GF SW mice showed impaired cholecystokinin (CCK)-induced gallbladder emptying, compared with SPF SW mice. Gallbladder volumes (μl) of SW mice were reported as adjusted mean ± standard error, with age and body weight fixed at their means (control mice: n = 34; mean age: 8.0 mo; mean body wt: 55.0 g; experimental mice: n = 34; mean age: 8.0 mo; mean body wt: 55.7 g). Asterisks indicate level of significance of differences in gallbladder volumes of control and experimental mice, related to microbial status, with ****P < 0.0001. Statistically significant differences in gallbladder volume related to sex in the overall model were noted by #, and if also found significant when stratified by microbial status, were marked by a difference in letters (a, b) (SPF SW mice: P < 0.0001). A difference in numbers (1, 2) denotes a statistically significant difference in gallbladder volume between SPF SW control and experimental mice (P < 0.0001).

Fig. 7.

GF SW and SPF SW mice were comparable in concentration, secretion rate and % of unconjugated bilirubin (UCB) in hepatic bile. Bilirubin concentrations (μM) (A), secretion rates (nmol/h) (B), and % UCB of hepatic bile (C) of SW mice were reported as adjusted mean ± standard error, with age and body weight fixed at their means (n = 49; mean age: 11.2 mo; mean body wt: 54.8 g).

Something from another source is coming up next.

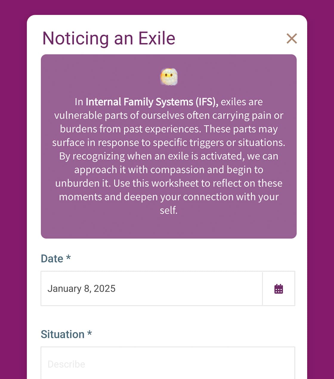 Share the IFS Noticing an Exile worksheet with your client using the Reflective app so they can build awareness of their exiles between sessions. Simply enter their email, and they’ll be able to fill in the worksheet from the convenience of their phone. Sign up for a Free trial.
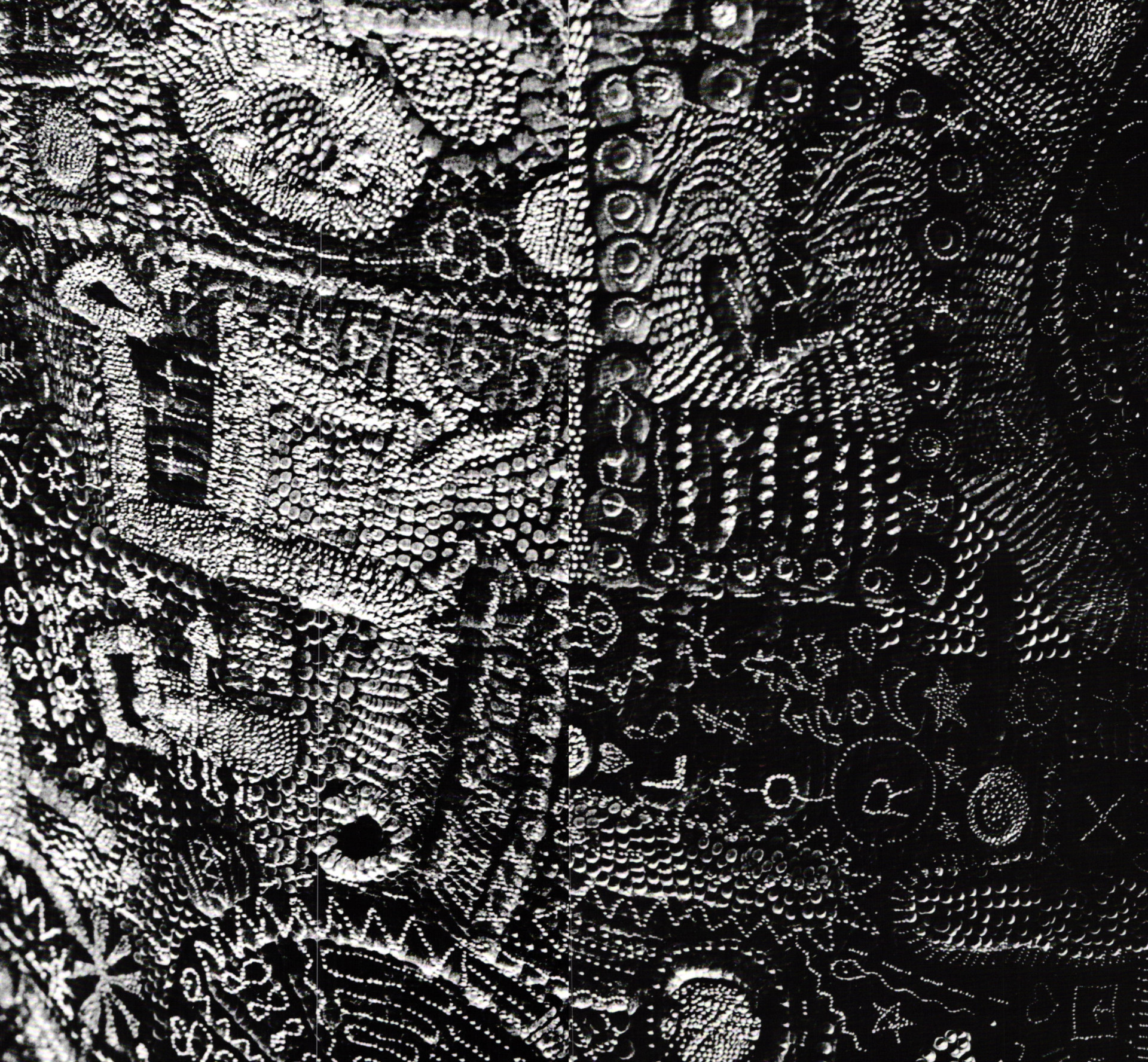 Noffke's style is nonverbal, nonliteral and probably unconscious, but a style nonetheless. It is not meant to be systematically analyzed but to be appreciated as material evidence of Noffke's working time. Though some of the iconography is familiar, it is incidental as a result of Noffke's free use of any available shape and image provided by the culture. He is trying to debilitate our need to read the work in favor of an intuitive response. If we must, we could find a relationship with anonymous graffiti, ancient hieroglyphs, as well as the accidental effects of wear or tear, or even, in the most surreal, a product of automatic writing. But no matter, that course of inquiry will lead nowhere. Noffke is intent on confronting our inhibition toward appreciating the object for what it is. Even though we don't know why or when the maker produced this artifact, or that it was made for the maker's own delectation, shielded from interpretation, it is valid because it exists and becomes part of the material culture to be used and cherished.

Asterisks indicate level of significance of difference in conjugated bilirubin concentration, related to microbial status, with **P < 0.01. Statistically significant differences in analytes related to sex in the overall model were noted by #, and if also found significant when stratified by microbial status, were marked by a difference in letters (a, b; c, d) (conjugated bilirubin concentration GF SW mice: P < 0.01; SPF SW mice: P < 0.05; % UCB SPF SW mice: P < 0.05).